Ironically, it’s probably the very group that opposed these viewpoints that are responsible for creating mine. Summer of 1991 was my first (and I think just one of 2) trips to the national meeting of the American Medical Association, in Chicago. That meeting was marked by protests from the HIV/AIDS community on the outside. And on the inside, after a week, I remember leaving with the thoughts, “I met a lot of great peers here, but who are these leaders who are resistant to technology and only allow heterosexual men to participate?* They aren’t me. And I’m not them.” This is the heritage of Generation X – we were groomed to be on the side of the patients.

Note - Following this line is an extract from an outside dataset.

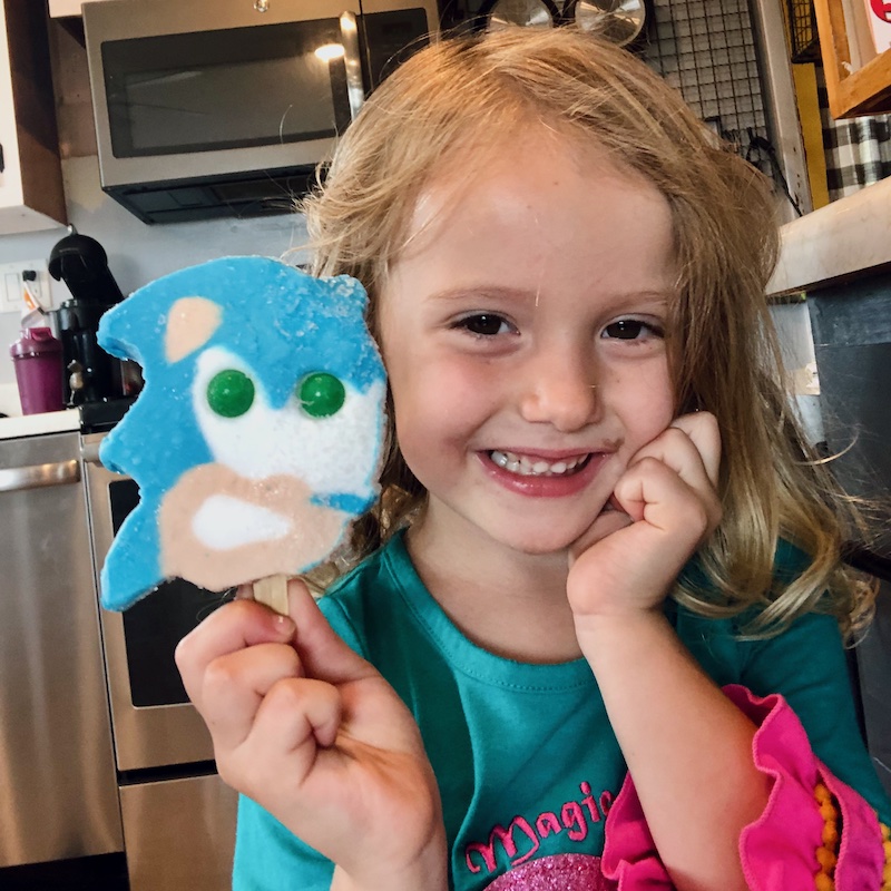 We jumped out of our seats, ran outside, and flagged down the ice cream man! The ice cream truck had Sonic the Hedgehog ice cream and Sadie was overjoyed. Like bouncing up and down, grinning from ear-to-ear happy.

So that’s my story, and the story of where we came from with regard to sharing medical records with patients. Has nothing happened in 18 years? Absolutely not.

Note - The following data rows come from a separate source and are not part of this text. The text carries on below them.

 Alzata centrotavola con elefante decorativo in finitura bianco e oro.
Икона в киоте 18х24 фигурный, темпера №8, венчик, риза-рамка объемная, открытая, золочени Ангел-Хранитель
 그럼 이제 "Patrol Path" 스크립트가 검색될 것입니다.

  • The largest medical groups in the United States regularly share medical records with patients, online
  • Most patients have a “statutory right” to their hospital record, albeit, not in the most friendly or useful way (see this example from Tufts University)
  • Crowdsourcing, trustbuilding, and transparency are sweeping the business world. Health care is on the verge.
  • Generation X are the attending physicians and medical directors, Generation Y are graduating from their residencies.

In the Shenkin article, it was proposed that a law be passed to require that a “complete and unexpurgated copy of all medical records, both inpatient and outpatient, be issued routinely and automatically to patients as soon as the services provided are received.” They do a great job of covering every known objection, “firstly” through “ninthly.”

My favorite is of the fear of “poor quality review” by peers and patients. They said that in 1973, it is “safer for them (physicians) to measure adequacy by academic degrees achieved than by competence demonstrated.”

The great thing I have learned pretty solidly from so many people by 2009 is that the medical community has so much support from patients and families – they want them to be great, they will only help. One patient said this at a recent continuing education course to room of us: “Can I just say thank you for paying attention in medical school, you are in my thoughts, you have my full gratitude.”

Let’s please remember these words to keep the conversation about ending secrecy an easy one, not a hard one. And, carry these two articles in our back pockets at all times.

*The American Medical Association has since reversed its stance on discriminating against gay, lesbian, bisexual, and transgender physicians and patients.